If we call find_next_sibling
on first_link
, then we get:
<a class="sister" href="http://example.com/lacie" id="link2">Lacie</a>
find_previous_siblings()
and find_previous_sibling()
We can find previous siblings with the find_previous_siblings
and find_previous_sibling
.
For instance, we can write:
from bs4 import BeautifulSoup
import re
html_doc = """<html><head><title>The Dormouse's story</title></head>
<body>
<p class="title"><b>The Dormouse's story</b></p>
<p class="story">Once upon a time there were three little sisters; and their names were
<a href="http://example.com/elsie" class="sister" id="link1">Elsie</a>,
<a href="http://example.com/lacie" class="sister" id="link2">Lacie</a> and
<a href="http://example.com/tillie" class="sister" id="link3">Tillie</a>;
and they lived at the bottom of a well.</p>
<p class="story">...</p>
"""
soup = BeautifulSoup(html_doc, 'html.parser')
last_link = soup.find("a", id="link3")
print(last_link.find_previous_siblings("a"))
Then we call find_previous_siblings
to get all the previous links.
So we get:
[<a class="sister" href="http://example.com/lacie" id="link2">Lacie</a>, <a class="sister" href="http://example.com/elsie" id="link1">Elsie</a>]
displayed.
find_previous_sibling
returns the first result only.
find_all_next()
and find_next()
We can call the find_all_next
method to return the sibling nodes next to the given node.

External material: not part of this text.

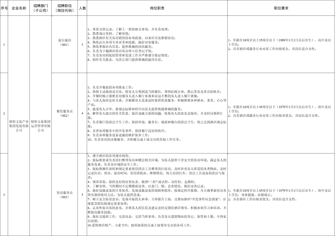 (四)具体岗位要求详见附件一:《射阳文旅产业集团发展有限公司下属子公司公开招聘劳务派遣工作人员岗位表》。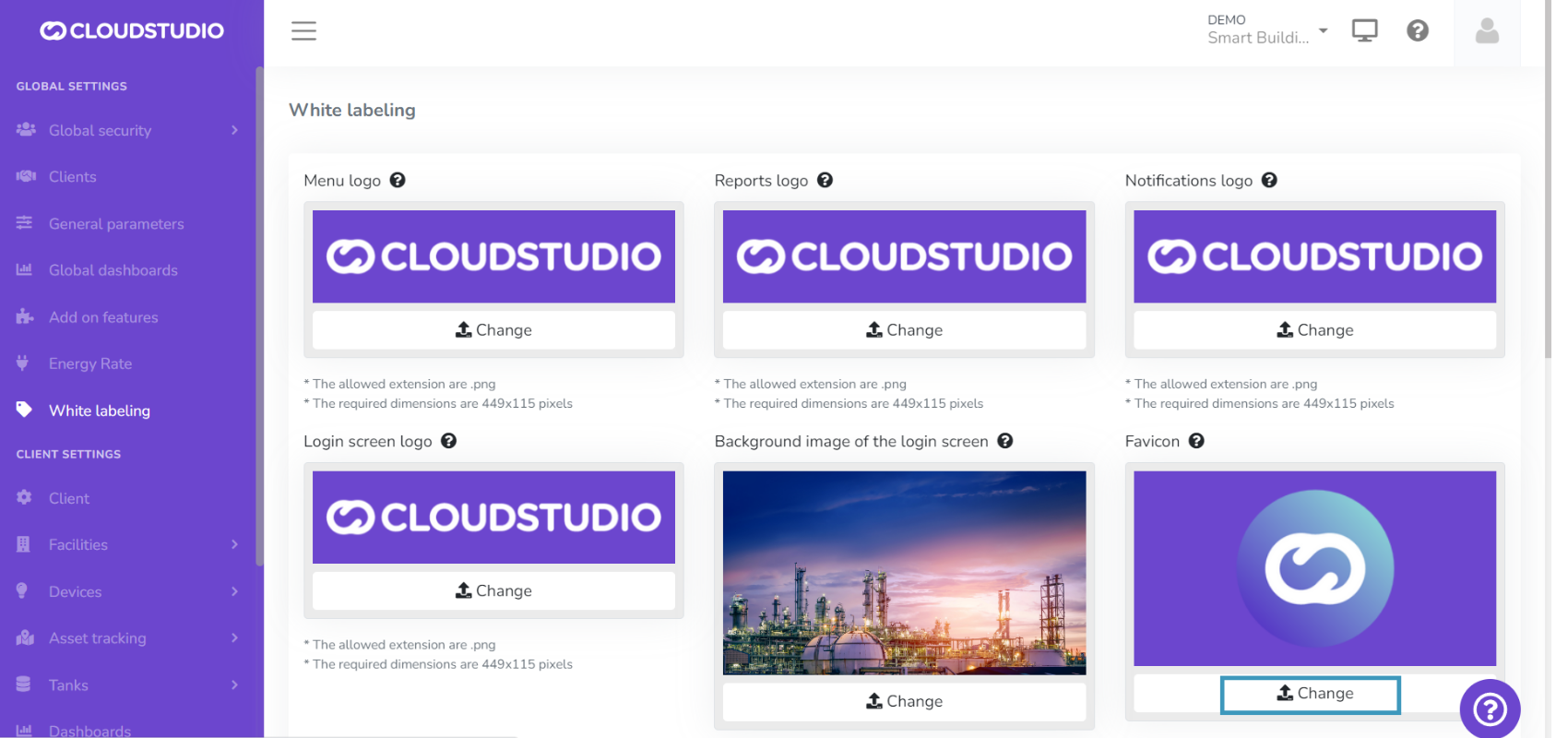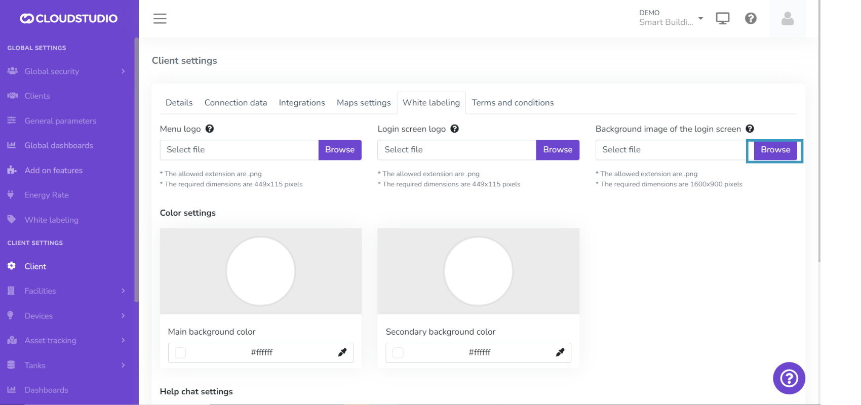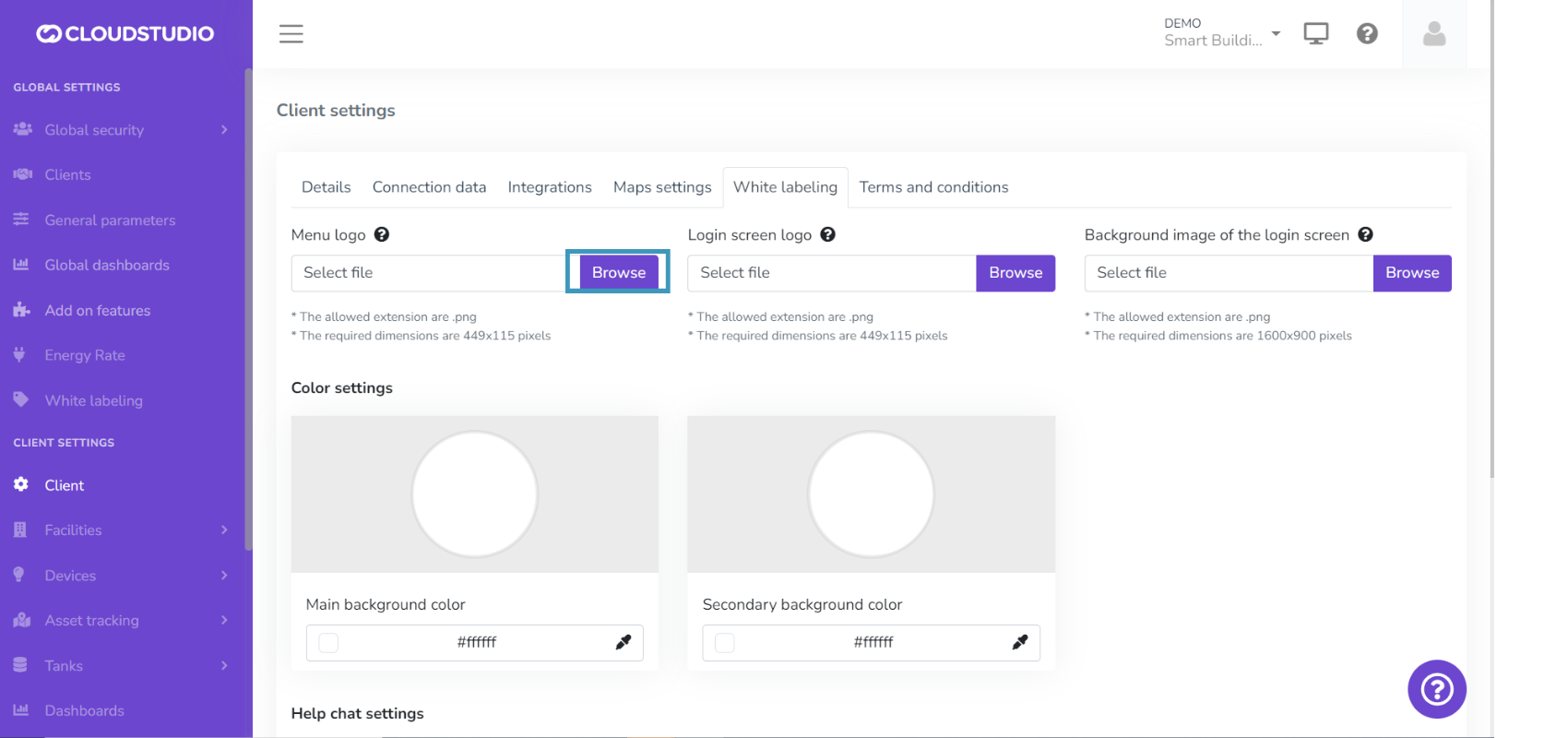 The White Labeling feature gives users the ability to customize the platform, creating a unique usage experience that adapts to their brand identity. From this section, you can customize the logo in the menu, reports, notifications, and login screen. It also provides color palette selection, login screen background image, and chat and help page settings.

For example, we can write:
from bs4 import BeautifulSoup
import re
html_doc = """<html><head><title>The Dormouse's story</title></head>
<body>
<p class="title"><b>The Dormouse's story</b></p>
<p class="story">Once upon a time there were three little sisters; and their names were
<a href="http://example.com/elsie" class="sister" id="link1">Elsie</a>,
<a href="http://example.com/lacie" class="sister" id="link2">Lacie</a> and
<a href="http://example.com/tillie" class="sister" id="link3">Tillie</a>;
and they lived at the bottom of a well.</p>
<p class="story">...</p>
"""
soup = BeautifulSoup(html_doc, 'html.parser')
first_link = soup.a
print(first_link.find_all_next(string=True))
Then we get:
[u'Elsie', u',n', u'Lacie', u' andn', u'Tillie', u';nand they lived at the bottom of a well.', u'n', u'...', u'n']
returned.
find_next
only returns the first sibling that comes after a node.
Conclusion
We can get siblings and parent nodes with Beautiful Soup.